Credit: Apple, Anthony Quintano, Google, Seattle City Council
It’s not often you’ll hear the CEOs of Apple, Google, Amazon, and Facebook speak in the same room, but it’s happening today. Tim Cook, Sundar Pichai, Jeff Bezos, and Mark Zuckerberg will appear in front of a congressional subcommittee to defend their business practices, which many have accused of unfairly stifling competition.
Rather than a witness table in Washington, the execs will line up to testify via videoconferencing, which will be broadcast online on House Judiciary’s official YouTube channel.
Members of House judiciary’s antitrust subcommittee have been investigating claims of unfair competitive practices and anti-consumer ruses against these tech giants for over a year. In that window, they’ve reviewed hundreds of hours of interviews and over 1.3 million documents about the companies.

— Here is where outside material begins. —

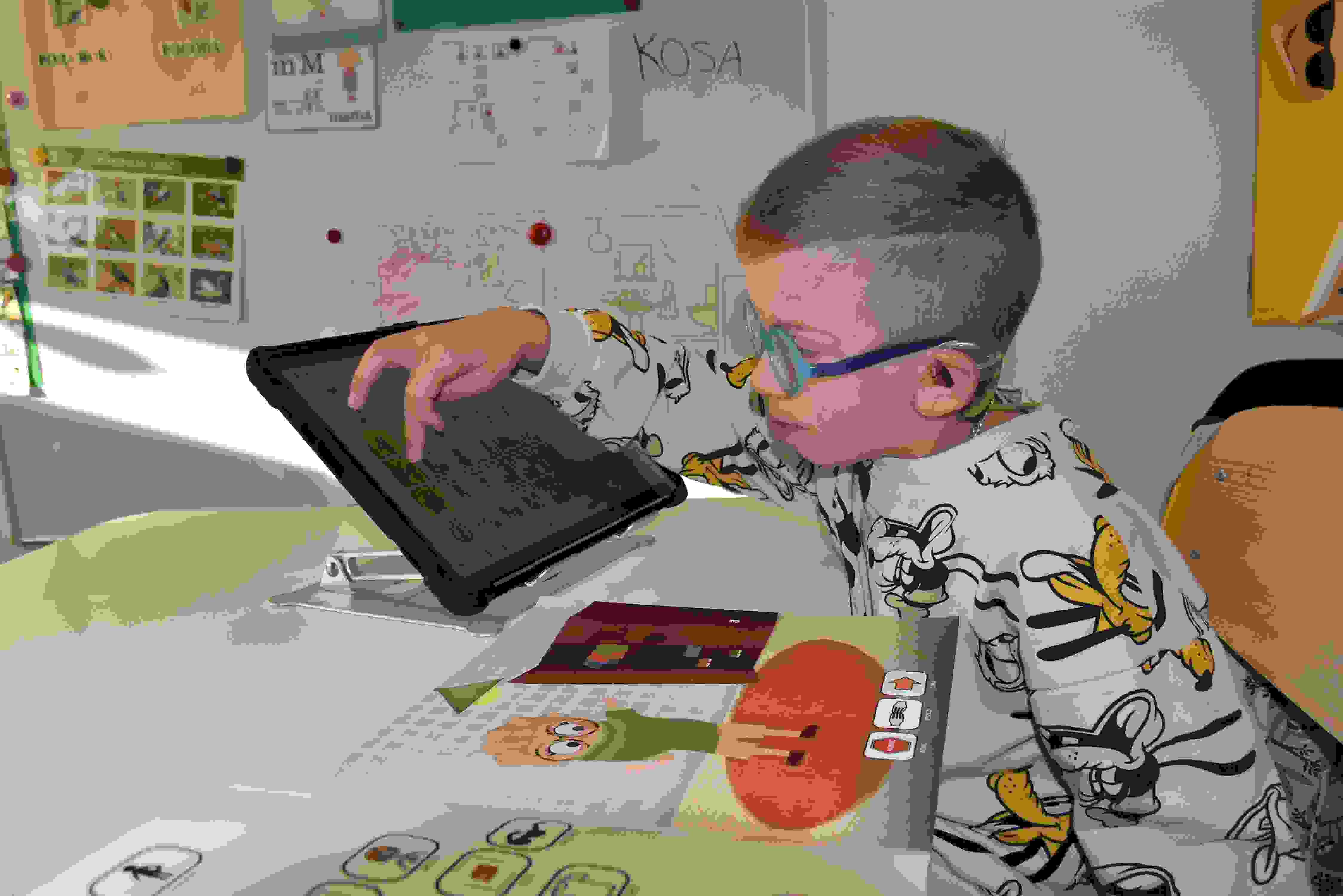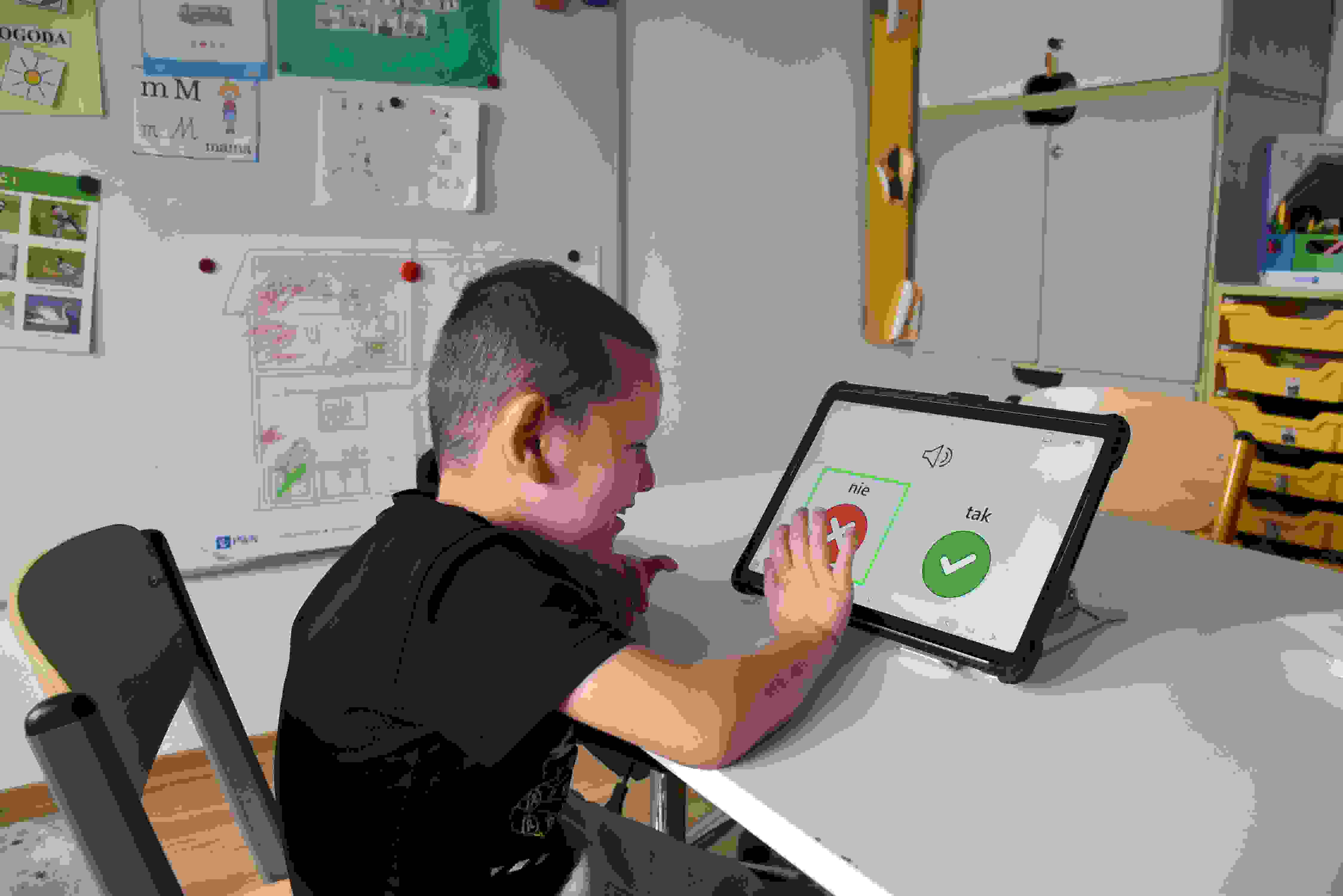 W ramach projektu „Droga do samodzielności…” podczas zajęć z panią Anią rozwijane były umiejętności komunikacyjne dzieci. Podczas zajęć uczyły się odpowiadać na pytania, budować zdania czy po prostu wyrażać swoje myśli w różnorodny, dopasowany do ich możliwości sposób. Uczniowie korzystali z książek komunikacyjnych, symboli MÓWiK, tabletu z systemem MÓWiK oraz nowoczesnego urządzenia neuroTAB. Urządzenie NeuroTAB to nowoczesny tablet intuicyjnie dostosowany do osób z niepełnosprawnością intelektualną i umożliwiający rozwój komunikacji oraz terapię, co zwiększa samodzielność w funkcjonowaniu u tych osób. NeuroTAB został zakupiony w ramach projektu „DROGA DO SAMODZIELNOŚCI – SPECJALISTYCZNE WSPARCIE REHABILITACYJNO-TERAPEUTYCZNE DLADZIECI Z NIEPEŁNOSPRAWNOŚCIĄ” współfinansowanego ze środków PFRON.

The hearing represents perhaps the most significant probe into Big Tech’s dominance since the antitrust case against Microsoft in the 90s. In fact, The New York Times compared the event to tech’s “Big Tobacco moment.”
The 15 members of the committee will have five minutes for each question, with the hearing expected to potentially stretch into the evening.
Among other things, the committee will interrogate Cook about Apple’s prohibitive App Store policies, Pichai about Google’s advertising monopoly, Bezos about Amazon‘s role as both a retailer and a marketplace, and Zuckerberg about Facebook‘s social network dominance.
Interestingly, news recently came to light that three of the lawmakers on the committee owned more than $100,000 worth of stocks in those companies.
In the meantime, the hearing is slated to take place at 12PM ET. There’s no scheduled livestream on the House Judiciary’s channel as of yet, but we’ll update this piece with the link once it starts.